Any person receiving such a demand for relief who, within thirty days of the mailing or delivery of the demand for relief, makes a written tender of settlement which is rejected by the claimant may, in any subsequent action, file the written tender and an affidavit concerning its rejection and thereby limit any recovery to the relief tendered if the court finds that the relief tendered was reasonable in relation to the injury actually suffered by the petitioner.
This means that if you make a reasonable settlement offer within 30 days, and the Plaintiff rejects it, a court may later limit their recovery to only what you originally offered – even if they win the case. Even if you don’t think you did anything wrong, a settlement offer might help you down the road if the Plaintiff files suit. An attorney can help you evaluate what offer might be reasonable, and this number varies depending on the facts of each individual case. There is no rule that states what a reasonable offer of settlement is, but an experienced attorney can use their past experiences to help predict a reasonable number, given your circumstances.

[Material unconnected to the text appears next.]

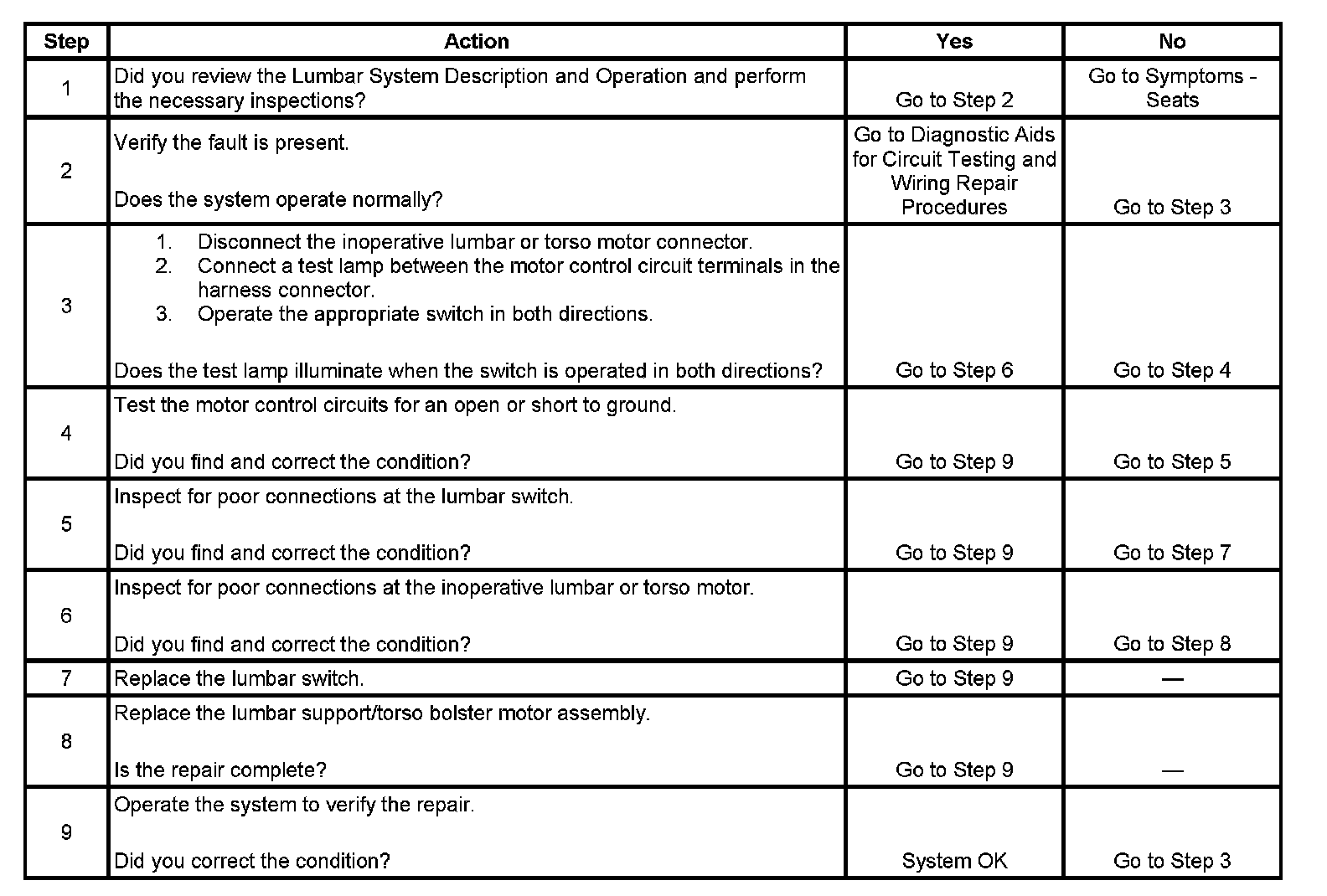 Lumbar Support Inoperative (Without Memory)

4. But Why Should I Offer to Settle If I Did Nothing Wrong?
Normally, if you are sued in Massachusetts, the Plaintiff can only recover whatever amount of money puts them back to where they would have been if they had not been injured. This is referred to as damages. In some cases, this number is very clear. If Person A broke something worth $100, then Person A might need to pay back the $100, or replace the item. However, this is NOT the case for a Chapter 93A claim, which has specific language allowing a Plaintiff to recover up to three times their regular damages:
[I]f the court finds for the petitioner, recovery shall be in the amount of actual damages or twenty-five dollars, whichever is greater; or up to three but not less than two times such amount if the court finds that the use or employment of the act or practice was a willful or knowing violation of said section two or that the refusal to grant relief upon demand was made in bad faith…If the Plaintiff succeeds on their claim, a Defendant could be looking at owing up to three but not less than two times the usual damages. But it doesn’t end there.

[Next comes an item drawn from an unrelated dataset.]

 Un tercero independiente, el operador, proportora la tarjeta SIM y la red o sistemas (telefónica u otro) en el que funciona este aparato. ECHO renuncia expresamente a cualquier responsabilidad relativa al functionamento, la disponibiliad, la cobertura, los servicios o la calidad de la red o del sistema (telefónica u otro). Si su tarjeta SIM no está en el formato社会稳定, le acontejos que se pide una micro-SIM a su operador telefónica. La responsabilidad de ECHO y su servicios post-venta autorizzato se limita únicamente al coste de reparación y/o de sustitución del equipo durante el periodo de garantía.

In addition to the potential treble damages, a Chapter 93A claim is one of the few claims in Massachusetts where a Plaintiff is entitled to recover the full cost of their attorney’s fees if they win. It does not matter if the claim is for $100 or $100,000. If the Plaintiff wins any money whatsoever, the Defendant now pays for all the legal fees. This is why it’s important to get your own attorney involved early, and to discuss your options before it’s too late — and before the Plaintiff’s legal fees start to add up.
5. Conclusion
If you have received a letter that claims to be a demand letter — or otherwise mentions Chapter 93A — you should contact an attorney right away to preserve your rights and ensure you won’t have to pay three times the damages. There is a limited time to act, and the clock may have already started running. You should not ignore a demand letter, or the next document you receive could be a lawsuit.